Dataset items:
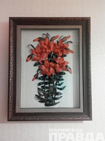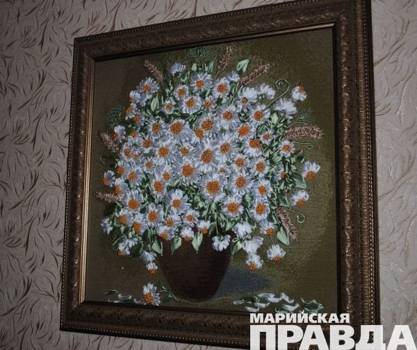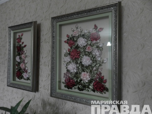 Сколько сегодня вышила картин, уже и не знаю. Их десятки. Что-то ушло в частную коллекцию, кому-то сама дарю. Творчество мне очень помогает не только время коротать, но и от мыслей тяжелых отвлекает. У меня непростая работа в Центре предоставления мер социальной поддержки населению в Медведевском районе. Люди приходят чаще те, которые находятся в непростых жизненных ситуациях. Дома после работы мои цветы, вышивка хорошо поднимают настроение.
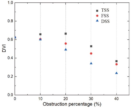 The relationship between DVI and SAS is shown in Figure 15, which is inversely proportional to the severity of the stenosis (the larger the obstruction, the smaller the DVI). This threshold was reached for all types of SAS when the obstruction percentage was greater than 30%. The DVI value was greater than 0.5 in the absence of stenosis and mild stenosis, while in severe stenosis, the previous threshold of 0.3 could be used for the zone.
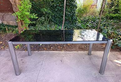 Tavolo cromato con piano in vetro. Dimensioni: - Larghezza 181 cm - Altezza 72 cm - Profondità 85 cm Il ricavato verrà interamente devoluto ad una associazione di beneficenza. L'oggetto è visionabile presso la sede dell'associazione stessa finché disponibile.
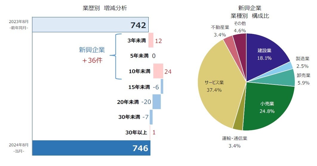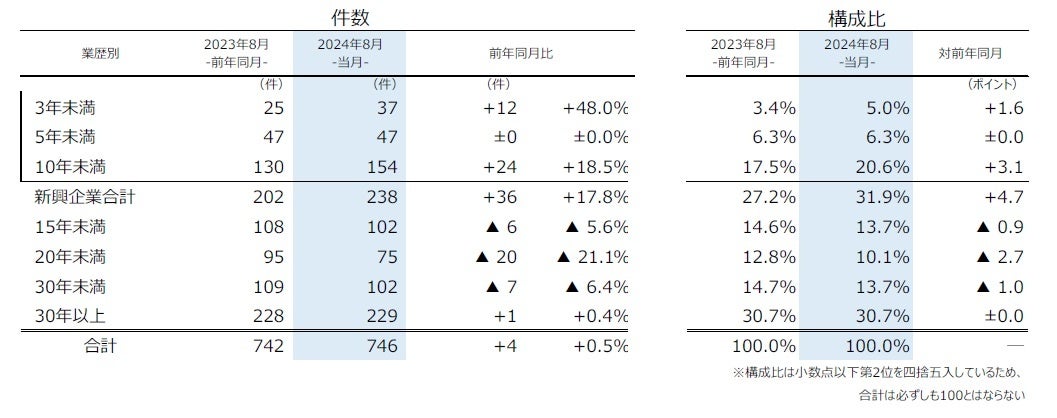 業歴10年未満の『新興企業』(「3年未満」〈前年同月25件→37件、48.0%増〉、「5年未満」〈同47件→47件〉、「10年未満」〈同130件→154件、18.5%増〉)は238件(前年同月202件、17.8%増)だった。30カ月連続で前年同月を上回り、2000年以降で最長の増加期間となった。内訳を業種別にみると、「サービス業」(同70件→89件、27.1%増)が最多、「小売業」(同43件→59件、37.2%増)、「建設業」(同34件→43件、26.5%増)が続いた。
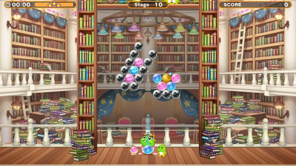 Sound-wise, the game music in Puzzle Bobble Everybubble is mostly upbeat and poppy tunes that largely match the tone of each stage. The voices can be kind of jarring… particularly the librarian. Ugh! It doesn’t help that each stage starts with an announcement from the level’s main resident! Hearing that cursed librarian say “Ready… GO!” in her raspy, little-kid sounding voice each time I had to restart a stage… Annoying is putting it lightly! Irritating, perturbing, irksome, even! And of course, this is about the part in the game where the stages started to get really difficult, so I had to restart quite a few times on some stages, and hear that same, piercing hiss…
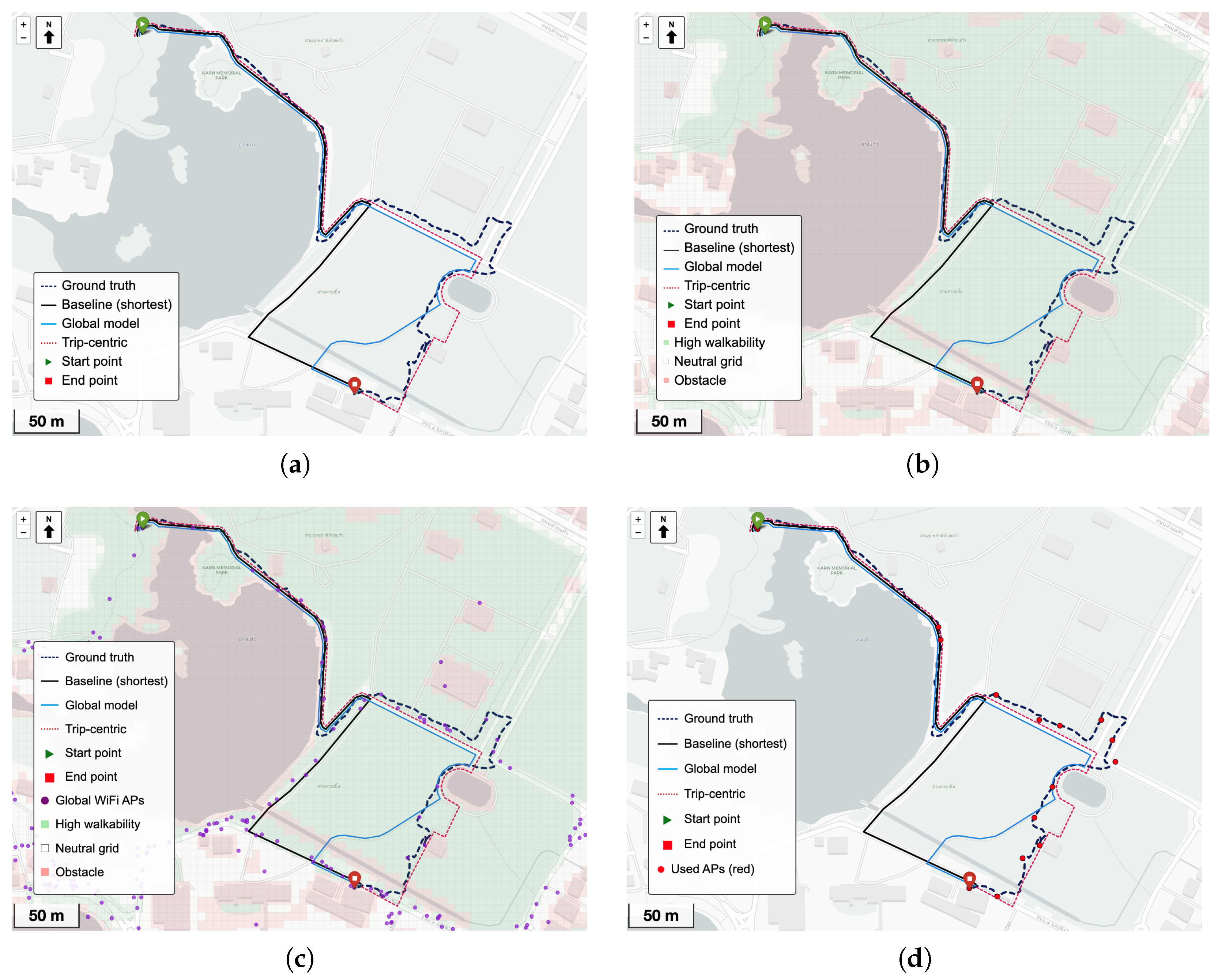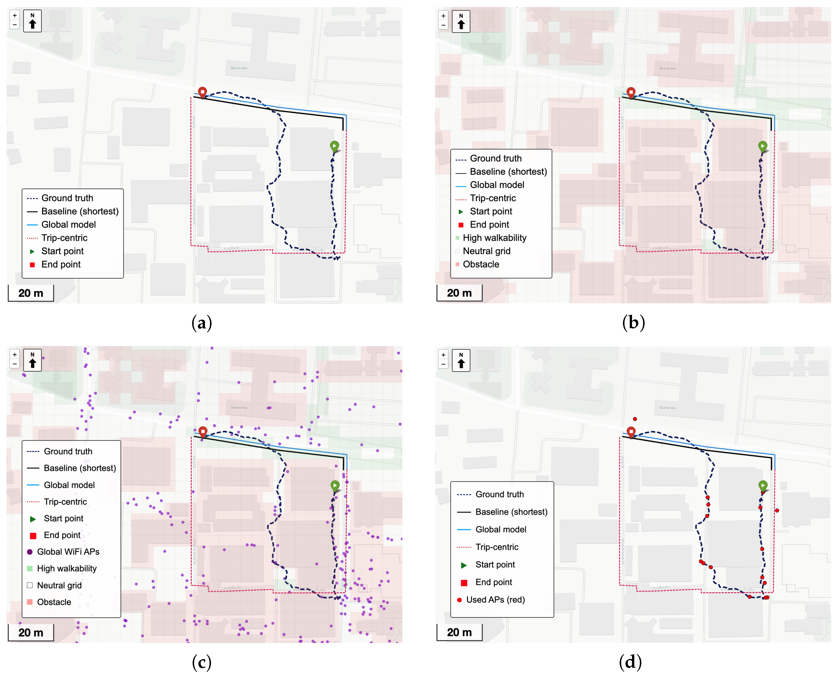 Figure 7d, the set of access points with which the device actively associated during the trip is considerably sparser and does not support the central route implied by the global map. Incorporating this trip-specific context, the model correctly infers a peripheral detour that aligns with the user’s movement, achieving a reconstruction error of
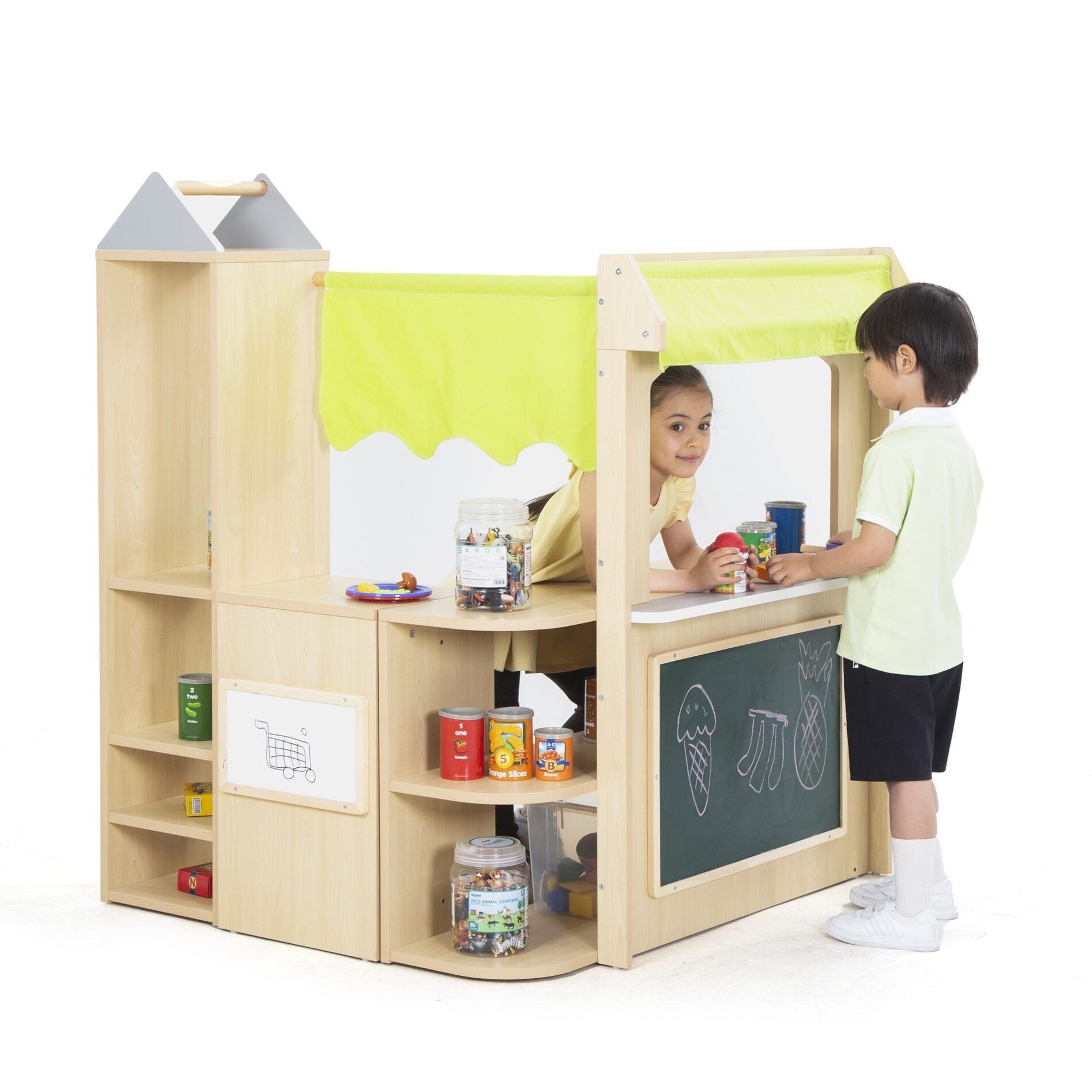 - Planken voor speelgoed en producten: De ingebouwde planken bieden voldoende ruimte om goederen, speelgoed en voedsel te presenteren.
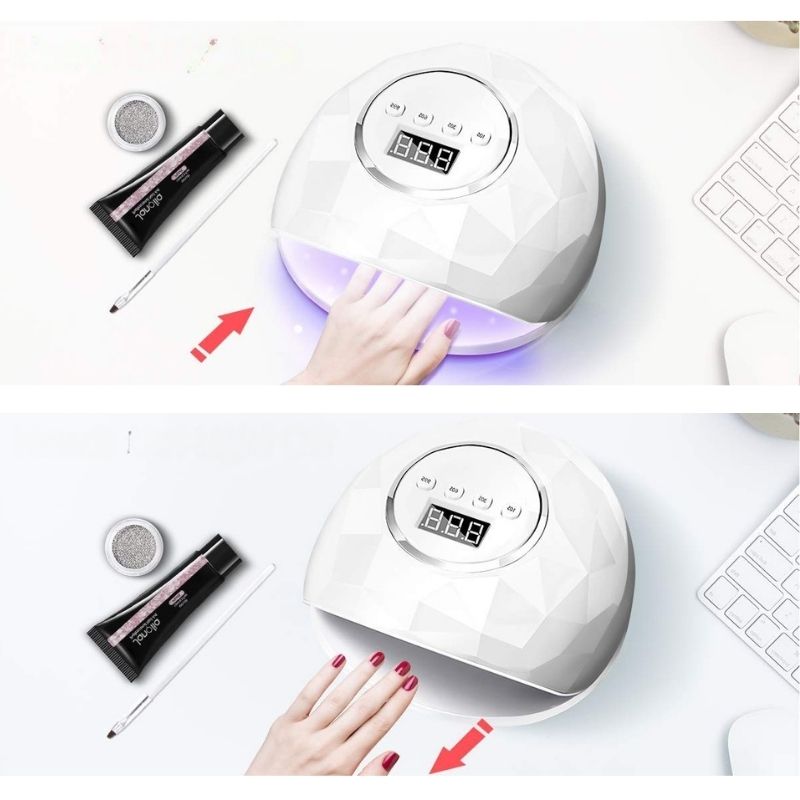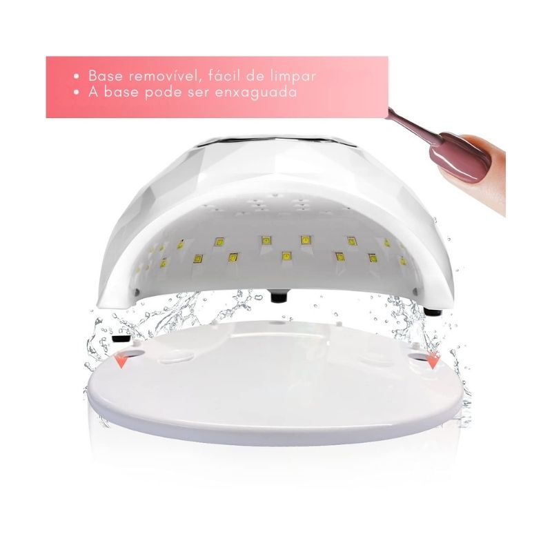 Lâmpada profissional com sensor automático e temporizadores de 10s, 30s e 60s. Ideal para secagem rápida de gel UV/LED. Liga-se automaticamente ao detetar a mão e desliga após 120 segundos.
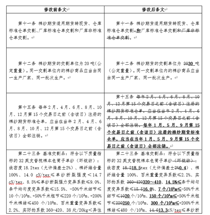 将交割单位由20吨调整为30吨。因为棉纱基本是汽运,一车大概30多吨,这样调整也比较符合现货运输的实际情况,并且对成本也有一定的降低,由于检验费用较高并且检验一般按仓单批次来检验,如果扩大了交割单位,在一定程度上的也对检验成本有一定摊薄。
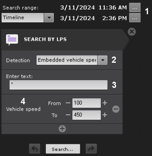 You can search in the archive for events from the Embedded vehicle speed measurement radar detection tool based on vehicle speed. To do this:
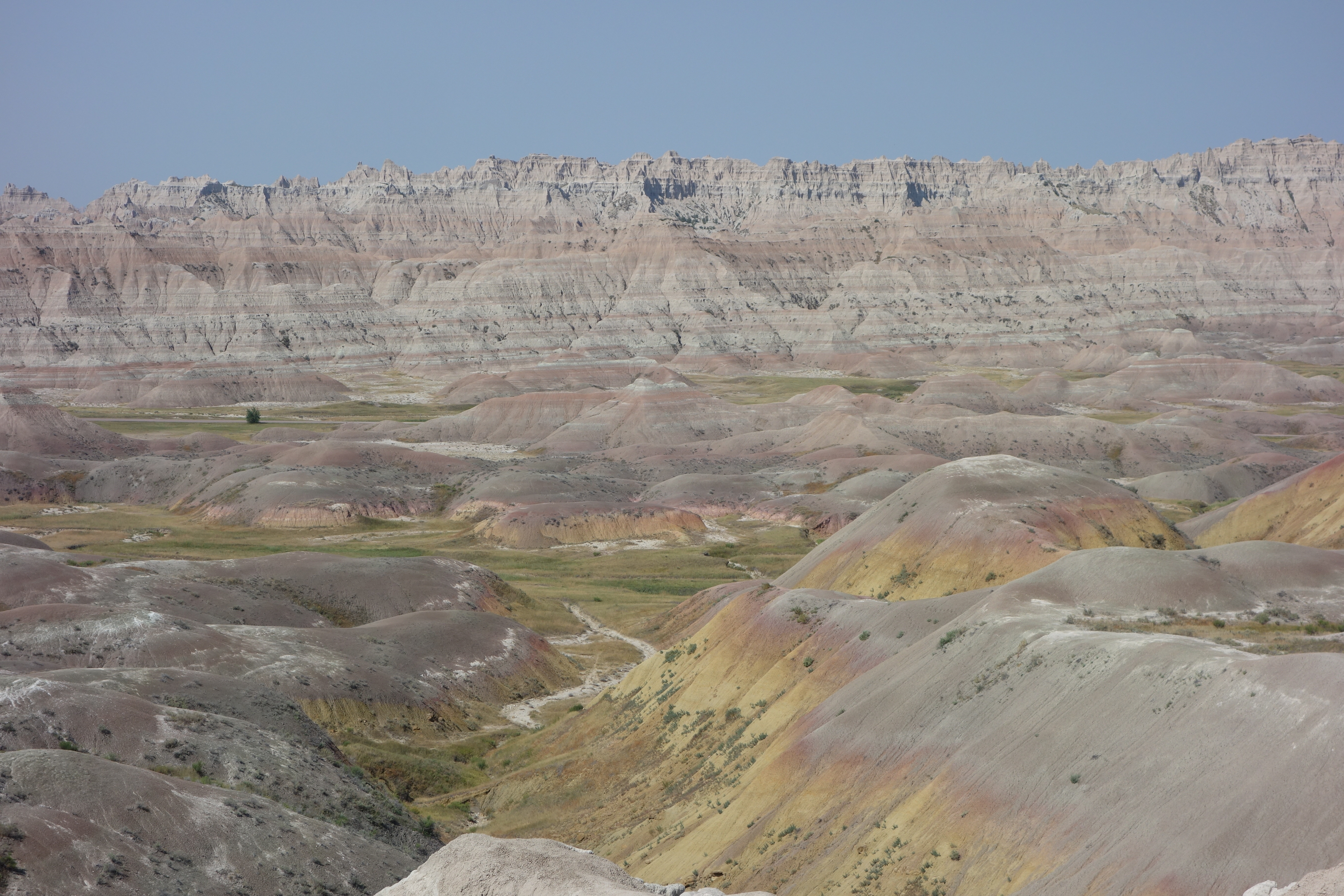 Badlands var en fin opplevelse i godt og varmt vær, her tok vi kjøkkeninngangen vestover og kjørte en del miles på grusvei før vi koblet oss sammen med resten av de besøkende på US240 på asfaltert vei igjen.
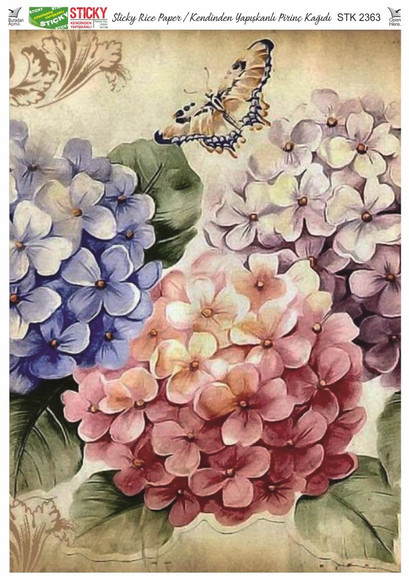 Scky Rice Paper (Self-Adhesive Rice Paper) It is printed on textured and thin paper that made from rice straw and is used for decoupage works. With its selfadhesive feature, it does not require glue. You can easily paste it on the area you want and apply painng, relief, foil and varnish on it. You can visit our web page for other Scky models
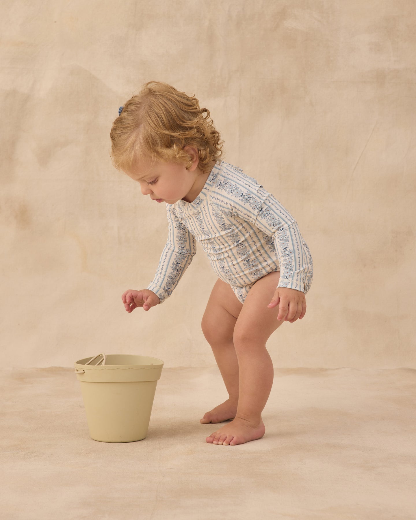 Our Delphine Rashguard One-Piece swimsuit will have your little one protected from the sun in style. Designed with a zipper back closure for easy wear.
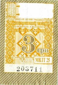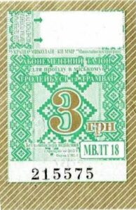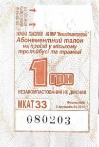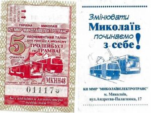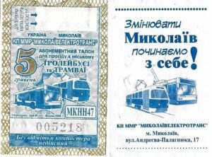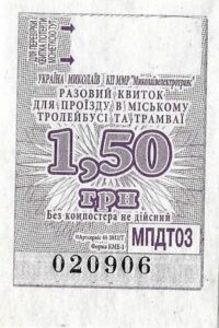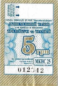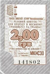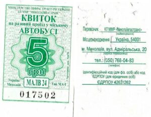 Mikołajów (Миколаїв) BILETY JEDNORAZOWE:Drukarnia Artserwis (Приватне акцiонерне товариство „Артсервiс” – ПрАТ „Артсервiс”):Nominał: Wizerunki pojazdów, nominał:
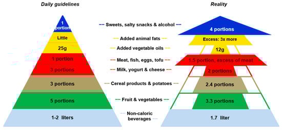 The daily national food-based dietary guidelines (i.e., Swiss Food Pyramid) (left) compared to the actual food consumption for the six stages at a population level (right).
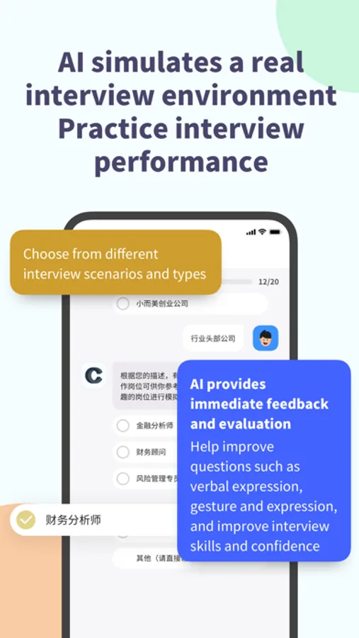 3.Practice interview performance in real interview situations. You can choose different interview scenarios/types and record your own interview answers. Boost your interview skills and confidence by providing instant feedback and assessments to assist with oral improvement, posture and facial expressions.
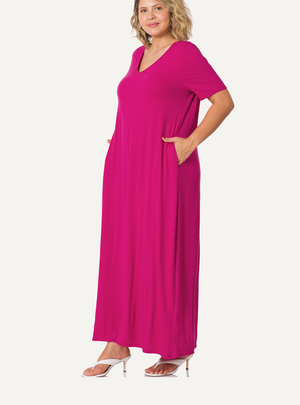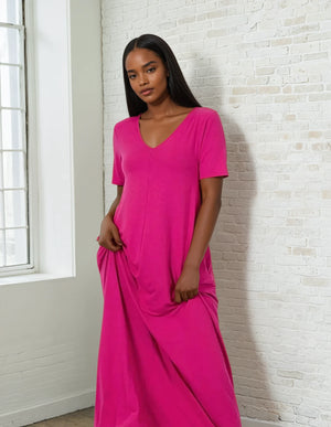 Setzen Sie ein Statement mit diesem fließenden Maxikleid mit zeitlosem Charme. Es verfügt über einen eleganten V-Ausschnitt und kurze Ärmel für eine schicke und bequeme, längliche Silhouette. Sein weicher und leichter Stoff schmeichelt der Haut und sorgt für einen luftigen Look bis zum Knöchel. Mit seinem schmeichelhaften Schnitt und den praktischen Taschen vereint es Stil und Funktionalität. Es wird in den USA aus einer luxuriösen Mischung aus Modal und Polyester hergestellt und garantiert außergewöhnliche Weichheit und Atmungsaktivität.
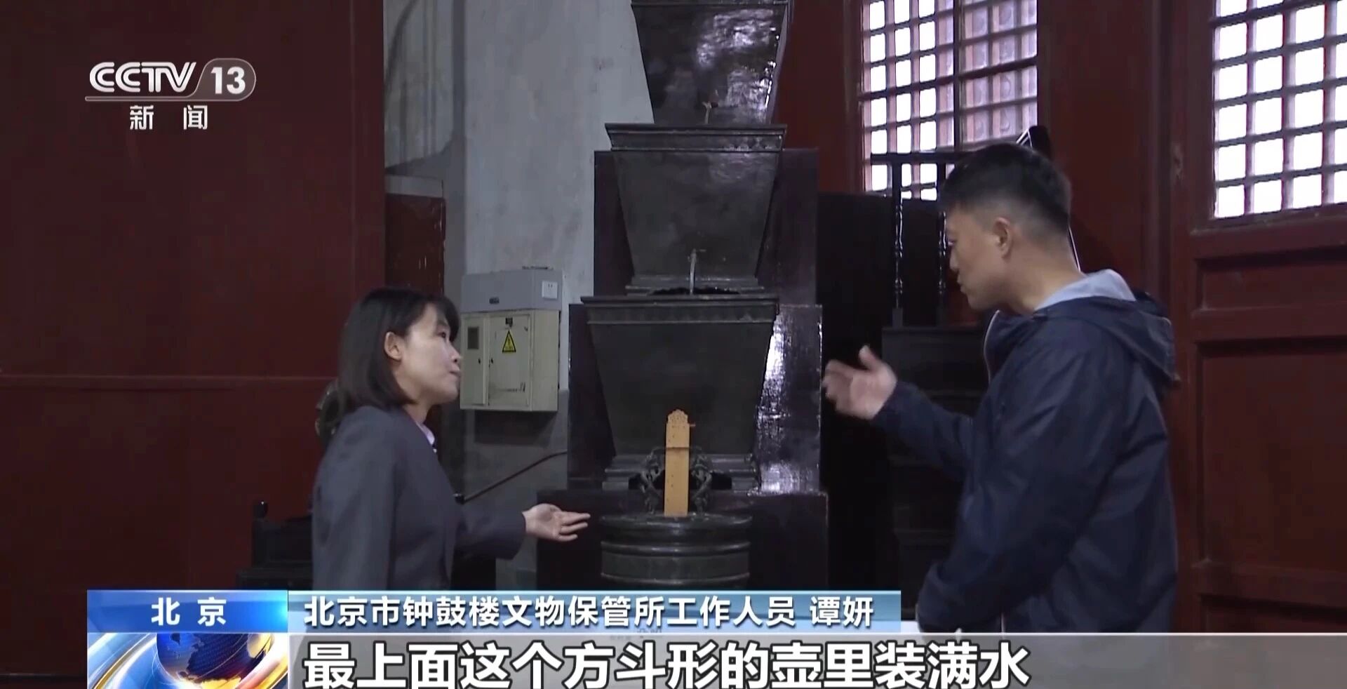 北京市钟鼓楼文物保管所工作人员 谭妍:在最上面这个方斗形的壶里装满水,这个水会逐级流送,到最下方流到这个圆柱形的收水壶里。有一个双龙抱扶箭尺,它会根据水的浮力来上升,显示相应的刻度,代表相应的时间,红点就是代表当时的日出和日落的时间。

__Problem statement__.
From the first line of the entries above down to the line holding "業歴10年未満の『新興企業』", quote each line exactly and nothing else, skipping pictures.

__Task solution__.
 Сколько сегодня вышила картин, уже и не знаю. Их десятки. Что-то ушло в частную коллекцию, кому-то сама дарю. Творчество мне очень помогает не только время коротать, но и от мыслей тяжелых отвлекает. У меня непростая работа в Центре предоставления мер социальной поддержки населению в Медведевском районе. Люди приходят чаще те, которые находятся в непростых жизненных ситуациях. Дома после работы мои цветы, вышивка хорошо поднимают настроение.
 The relationship between DVI and SAS is shown in Figure 15, which is inversely proportional to the severity of the stenosis (the larger the obstruction, the smaller the DVI). This threshold was reached for all types of SAS when the obstruction percentage was greater than 30%. The DVI value was greater than 0.5 in the absence of stenosis and mild stenosis, while in severe stenosis, the previous threshold of 0.3 could be used for the zone.
 Tavolo cromato con piano in vetro. Dimensioni: - Larghezza 181 cm - Altezza 72 cm - Profondità 85 cm Il ricavato verrà interamente devoluto ad una associazione di beneficenza. L'oggetto è visionabile presso la sede dell'associazione stessa finché disponibile.
 業歴10年未満の『新興企業』(「3年未満」〈前年同月25件→37件、48.0%増〉、「5年未満」〈同47件→47件〉、「10年未満」〈同130件→154件、18.5%増〉)は238件(前年同月202件、17.8%増)だった。30カ月連続で前年同月を上回り、2000年以降で最長の増加期間となった。内訳を業種別にみると、「サービス業」(同70件→89件、27.1%増)が最多、「小売業」(同43件→59件、37.2%増)、「建設業」(同34件→43件、26.5%増)が続いた。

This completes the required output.